> _DATA BLOCK_

== Segment start ==

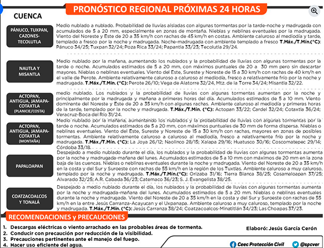 En Veracruz se prevén lluvias con intervalos de chubascos (5.1 a 25 mm) en zonas montañosas, especialmente del Nautla, Actopan, La Antigua, Jamapa-Cotaxtla y Papaloapan, siendo posible eventos superiores en partes altas del Papaloapan; lluvias escasas o lloviznas (0.1 a 5.0 mm) en el resto de las porciones norte y sur, así como aisladas en la costa central.
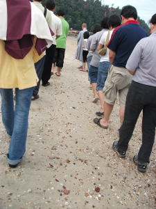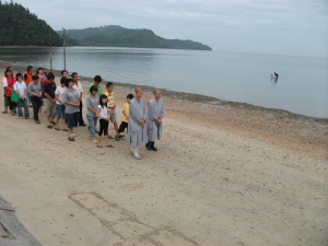 Submitted by sisi on Thu, 17/02/2011 - 18:33 Thjy News苏凤嫦净苑爱心家族於2010年12月25日到独立海滨一游,促进家族成员的互动与了解。 1)宁静的早晨, 等待涨潮的来临。3)沙滩行禅,放下妄想,只有现在。感受大海的伟大,自己的渺小。5)追忆行禅感受的当儿,有法师的叮咛。分享时刻,法喜充满。7)苦海无边.......自性众生誓願度,自性烦恼誓願断。9)起航!11)‘观音势至坐莲臺,接引上金階’13)Teluk Nipah( 直落泥巴)位于独立海滨的另一边。人烟稀少犹如世外桃源。15)还有一堆红石头与日来峰遥遥相望。17)回程中,我们在吉打港口凭吊海啸纪念碑,顺便拍照留念。2)大清早,爱心家族就已经凖備好了丰盛的爱心早餐。4)沙滩行禅,念念不离当下。6)父子俩在沙滩上放风筝,体验一下在都市生活里难得享受到的自由与开阔的感觉。8)大家快登船啊!我们要远行去了。10)登彼岸12)人间净土...班茶是独立海滨对面的一个扑素小鱼村。14)这里以黑石头闻名。寥寥无几的黑石头,会不会是世界遗产?16)大家就地坐在红石堆上, 看着对面在水一方的日来峰。 Log in to post comments3591 reads
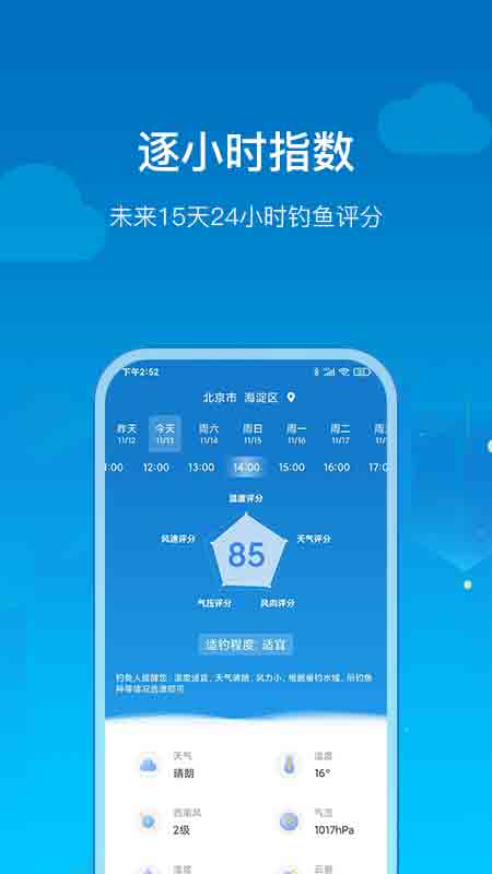 4、15日逐小时指数:基于天气、温度、气压、风力风向等多维度气象数据,智能计算出未来15天内每个小时的钓鱼指数。通过直观的图表展示,让钓友能够一目了然地了解最佳垂钓时段,科学安排钓鱼行程,大幅提高爆护几率。
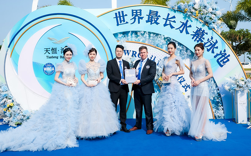 由天大集团旗下中国珠海天恒房地产有限公司开发建设的“天恒·湾景”项目水幕泳池,主体长度为108米,泳池底部距地面高度为5米。2021年3月20日,经世界纪录认证(WRCA)官方审核,被认定为“世界最长的水幕泳池”。

== Segment end ==

> _PROBLEM REQUIREMENTS_
Keep the pictures out, and write out the rest of the data above word for word.

> _RESULT OF THIS EXERCISE_
 En Veracruz se prevén lluvias con intervalos de chubascos (5.1 a 25 mm) en zonas montañosas, especialmente del Nautla, Actopan, La Antigua, Jamapa-Cotaxtla y Papaloapan, siendo posible eventos superiores en partes altas del Papaloapan; lluvias escasas o lloviznas (0.1 a 5.0 mm) en el resto de las porciones norte y sur, así como aisladas en la costa central.
 Submitted by sisi on Thu, 17/02/2011 - 18:33 Thjy News苏凤嫦净苑爱心家族於2010年12月25日到独立海滨一游,促进家族成员的互动与了解。 1)宁静的早晨, 等待涨潮的来临。3)沙滩行禅,放下妄想,只有现在。感受大海的伟大,自己的渺小。5)追忆行禅感受的当儿,有法师的叮咛。分享时刻,法喜充满。7)苦海无边.......自性众生誓願度,自性烦恼誓願断。9)起航!11)‘观音势至坐莲臺,接引上金階’13)Teluk Nipah( 直落泥巴)位于独立海滨的另一边。人烟稀少犹如世外桃源。15)还有一堆红石头与日来峰遥遥相望。17)回程中,我们在吉打港口凭吊海啸纪念碑,顺便拍照留念。2)大清早,爱心家族就已经凖備好了丰盛的爱心早餐。4)沙滩行禅,念念不离当下。6)父子俩在沙滩上放风筝,体验一下在都市生活里难得享受到的自由与开阔的感觉。8)大家快登船啊!我们要远行去了。10)登彼岸12)人间净土...班茶是独立海滨对面的一个扑素小鱼村。14)这里以黑石头闻名。寥寥无几的黑石头,会不会是世界遗产?16)大家就地坐在红石堆上, 看着对面在水一方的日来峰。 Log in to post comments3591 reads
 4、15日逐小时指数:基于天气、温度、气压、风力风向等多维度气象数据,智能计算出未来15天内每个小时的钓鱼指数。通过直观的图表展示,让钓友能够一目了然地了解最佳垂钓时段,科学安排钓鱼行程,大幅提高爆护几率。
 由天大集团旗下中国珠海天恒房地产有限公司开发建设的“天恒·湾景”项目水幕泳池,主体长度为108米,泳池底部距地面高度为5米。2021年3月20日,经世界纪录认证(WRCA)官方审核,被认定为“世界最长的水幕泳池”。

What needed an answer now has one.